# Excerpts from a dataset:

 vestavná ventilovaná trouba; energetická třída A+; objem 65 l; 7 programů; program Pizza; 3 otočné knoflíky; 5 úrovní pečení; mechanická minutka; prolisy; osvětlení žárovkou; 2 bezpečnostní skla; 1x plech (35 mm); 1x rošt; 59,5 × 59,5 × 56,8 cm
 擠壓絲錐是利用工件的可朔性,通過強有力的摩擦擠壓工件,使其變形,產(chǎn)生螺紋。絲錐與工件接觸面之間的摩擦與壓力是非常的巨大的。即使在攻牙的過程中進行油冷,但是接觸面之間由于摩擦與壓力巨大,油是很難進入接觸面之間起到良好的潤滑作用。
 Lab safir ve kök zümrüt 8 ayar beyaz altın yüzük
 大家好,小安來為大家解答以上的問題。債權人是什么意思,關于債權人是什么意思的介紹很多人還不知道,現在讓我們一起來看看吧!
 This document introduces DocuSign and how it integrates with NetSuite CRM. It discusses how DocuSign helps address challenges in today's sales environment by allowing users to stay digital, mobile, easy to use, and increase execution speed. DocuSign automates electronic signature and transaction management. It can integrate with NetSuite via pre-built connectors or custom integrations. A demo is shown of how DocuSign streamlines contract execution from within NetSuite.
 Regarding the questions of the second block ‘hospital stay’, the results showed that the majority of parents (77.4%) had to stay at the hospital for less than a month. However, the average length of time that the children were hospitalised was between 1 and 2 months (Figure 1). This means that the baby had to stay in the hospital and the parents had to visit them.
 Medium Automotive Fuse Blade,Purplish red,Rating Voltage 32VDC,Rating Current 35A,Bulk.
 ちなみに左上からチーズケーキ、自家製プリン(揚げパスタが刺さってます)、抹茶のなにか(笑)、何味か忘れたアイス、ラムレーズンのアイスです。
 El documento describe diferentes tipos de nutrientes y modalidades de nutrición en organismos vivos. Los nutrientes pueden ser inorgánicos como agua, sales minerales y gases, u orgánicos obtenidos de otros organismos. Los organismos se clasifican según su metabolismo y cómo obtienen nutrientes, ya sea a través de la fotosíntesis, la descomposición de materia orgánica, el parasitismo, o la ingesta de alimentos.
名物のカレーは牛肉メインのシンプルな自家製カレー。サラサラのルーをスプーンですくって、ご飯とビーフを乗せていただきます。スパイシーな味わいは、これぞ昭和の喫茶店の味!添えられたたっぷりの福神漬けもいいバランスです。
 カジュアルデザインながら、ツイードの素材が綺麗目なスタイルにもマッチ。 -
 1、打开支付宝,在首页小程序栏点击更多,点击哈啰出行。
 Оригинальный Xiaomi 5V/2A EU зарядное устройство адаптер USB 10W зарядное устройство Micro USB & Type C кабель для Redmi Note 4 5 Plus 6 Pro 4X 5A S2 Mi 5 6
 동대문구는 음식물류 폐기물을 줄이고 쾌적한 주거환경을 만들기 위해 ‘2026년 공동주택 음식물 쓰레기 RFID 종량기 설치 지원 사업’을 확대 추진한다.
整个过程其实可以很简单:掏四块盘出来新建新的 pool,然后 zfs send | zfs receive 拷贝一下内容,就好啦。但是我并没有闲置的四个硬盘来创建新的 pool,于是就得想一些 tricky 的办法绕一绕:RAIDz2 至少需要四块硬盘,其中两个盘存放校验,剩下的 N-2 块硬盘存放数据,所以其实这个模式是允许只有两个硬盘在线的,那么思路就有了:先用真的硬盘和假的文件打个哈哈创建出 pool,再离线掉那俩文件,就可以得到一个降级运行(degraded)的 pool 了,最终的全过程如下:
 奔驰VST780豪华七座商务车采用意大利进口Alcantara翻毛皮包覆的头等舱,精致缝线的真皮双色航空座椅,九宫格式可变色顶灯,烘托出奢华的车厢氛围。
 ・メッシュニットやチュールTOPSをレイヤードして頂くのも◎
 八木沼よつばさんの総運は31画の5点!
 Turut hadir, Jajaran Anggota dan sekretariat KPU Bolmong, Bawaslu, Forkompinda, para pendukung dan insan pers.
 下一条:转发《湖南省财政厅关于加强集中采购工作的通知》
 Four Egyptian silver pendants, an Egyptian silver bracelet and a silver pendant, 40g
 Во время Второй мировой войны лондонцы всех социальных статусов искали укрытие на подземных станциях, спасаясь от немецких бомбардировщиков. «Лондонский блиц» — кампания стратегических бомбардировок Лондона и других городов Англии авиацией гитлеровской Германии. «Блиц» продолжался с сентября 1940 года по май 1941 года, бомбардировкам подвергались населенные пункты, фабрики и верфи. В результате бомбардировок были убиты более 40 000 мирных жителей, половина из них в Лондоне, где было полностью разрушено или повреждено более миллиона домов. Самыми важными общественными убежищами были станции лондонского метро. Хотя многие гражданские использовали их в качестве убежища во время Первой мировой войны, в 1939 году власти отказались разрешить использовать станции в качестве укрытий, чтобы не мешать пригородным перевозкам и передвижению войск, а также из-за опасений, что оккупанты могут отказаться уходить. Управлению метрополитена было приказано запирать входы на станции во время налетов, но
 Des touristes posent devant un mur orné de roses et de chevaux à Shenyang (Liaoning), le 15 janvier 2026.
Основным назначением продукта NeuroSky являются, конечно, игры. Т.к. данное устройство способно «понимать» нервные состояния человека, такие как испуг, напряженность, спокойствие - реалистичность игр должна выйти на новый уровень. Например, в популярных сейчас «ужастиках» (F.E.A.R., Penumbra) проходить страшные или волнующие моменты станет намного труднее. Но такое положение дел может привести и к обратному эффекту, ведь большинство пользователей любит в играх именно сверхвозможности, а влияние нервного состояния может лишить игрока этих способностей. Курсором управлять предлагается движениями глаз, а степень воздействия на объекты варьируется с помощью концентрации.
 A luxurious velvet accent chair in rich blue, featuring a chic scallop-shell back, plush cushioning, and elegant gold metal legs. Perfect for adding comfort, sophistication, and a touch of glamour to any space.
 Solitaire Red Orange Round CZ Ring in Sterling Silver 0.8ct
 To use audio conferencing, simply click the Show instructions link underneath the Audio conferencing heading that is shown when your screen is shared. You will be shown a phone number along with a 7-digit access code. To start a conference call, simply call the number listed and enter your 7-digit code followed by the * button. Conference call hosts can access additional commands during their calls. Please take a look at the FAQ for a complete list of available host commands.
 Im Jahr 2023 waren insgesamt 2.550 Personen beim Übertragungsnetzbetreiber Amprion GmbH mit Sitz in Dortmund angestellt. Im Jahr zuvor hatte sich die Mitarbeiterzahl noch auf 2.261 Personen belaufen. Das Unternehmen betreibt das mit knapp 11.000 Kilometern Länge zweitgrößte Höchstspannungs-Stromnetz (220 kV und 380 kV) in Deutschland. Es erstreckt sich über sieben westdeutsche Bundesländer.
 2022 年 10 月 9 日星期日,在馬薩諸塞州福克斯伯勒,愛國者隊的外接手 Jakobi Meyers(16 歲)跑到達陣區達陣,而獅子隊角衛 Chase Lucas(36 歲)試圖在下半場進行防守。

# Prompt:
Give again, word for word, the records from their first line to the one with "동대문구는 음식물류 폐기물을", and leave out all else.

# Response area:
 vestavná ventilovaná trouba; energetická třída A+; objem 65 l; 7 programů; program Pizza; 3 otočné knoflíky; 5 úrovní pečení; mechanická minutka; prolisy; osvětlení žárovkou; 2 bezpečnostní skla; 1x plech (35 mm); 1x rošt; 59,5 × 59,5 × 56,8 cm
 擠壓絲錐是利用工件的可朔性,通過強有力的摩擦擠壓工件,使其變形,產(chǎn)生螺紋。絲錐與工件接觸面之間的摩擦與壓力是非常的巨大的。即使在攻牙的過程中進行油冷,但是接觸面之間由于摩擦與壓力巨大,油是很難進入接觸面之間起到良好的潤滑作用。
 Lab safir ve kök zümrüt 8 ayar beyaz altın yüzük
 大家好,小安來為大家解答以上的問題。債權人是什么意思,關于債權人是什么意思的介紹很多人還不知道,現在讓我們一起來看看吧!
 This document introduces DocuSign and how it integrates with NetSuite CRM. It discusses how DocuSign helps address challenges in today's sales environment by allowing users to stay digital, mobile, easy to use, and increase execution speed. DocuSign automates electronic signature and transaction management. It can integrate with NetSuite via pre-built connectors or custom integrations. A demo is shown of how DocuSign streamlines contract execution from within NetSuite.
 Regarding the questions of the second block ‘hospital stay’, the results showed that the majority of parents (77.4%) had to stay at the hospital for less than a month. However, the average length of time that the children were hospitalised was between 1 and 2 months (Figure 1). This means that the baby had to stay in the hospital and the parents had to visit them.
 Medium Automotive Fuse Blade,Purplish red,Rating Voltage 32VDC,Rating Current 35A,Bulk.
 ちなみに左上からチーズケーキ、自家製プリン(揚げパスタが刺さってます)、抹茶のなにか(笑)、何味か忘れたアイス、ラムレーズンのアイスです。
 El documento describe diferentes tipos de nutrientes y modalidades de nutrición en organismos vivos. Los nutrientes pueden ser inorgánicos como agua, sales minerales y gases, u orgánicos obtenidos de otros organismos. Los organismos se clasifican según su metabolismo y cómo obtienen nutrientes, ya sea a través de la fotosíntesis, la descomposición de materia orgánica, el parasitismo, o la ingesta de alimentos.
名物のカレーは牛肉メインのシンプルな自家製カレー。サラサラのルーをスプーンですくって、ご飯とビーフを乗せていただきます。スパイシーな味わいは、これぞ昭和の喫茶店の味!添えられたたっぷりの福神漬けもいいバランスです。
 カジュアルデザインながら、ツイードの素材が綺麗目なスタイルにもマッチ。 -
 1、打开支付宝,在首页小程序栏点击更多,点击哈啰出行。
 Оригинальный Xiaomi 5V/2A EU зарядное устройство адаптер USB 10W зарядное устройство Micro USB & Type C кабель для Redmi Note 4 5 Plus 6 Pro 4X 5A S2 Mi 5 6
 동대문구는 음식물류 폐기물을 줄이고 쾌적한 주거환경을 만들기 위해 ‘2026년 공동주택 음식물 쓰레기 RFID 종량기 설치 지원 사업’을 확대 추진한다.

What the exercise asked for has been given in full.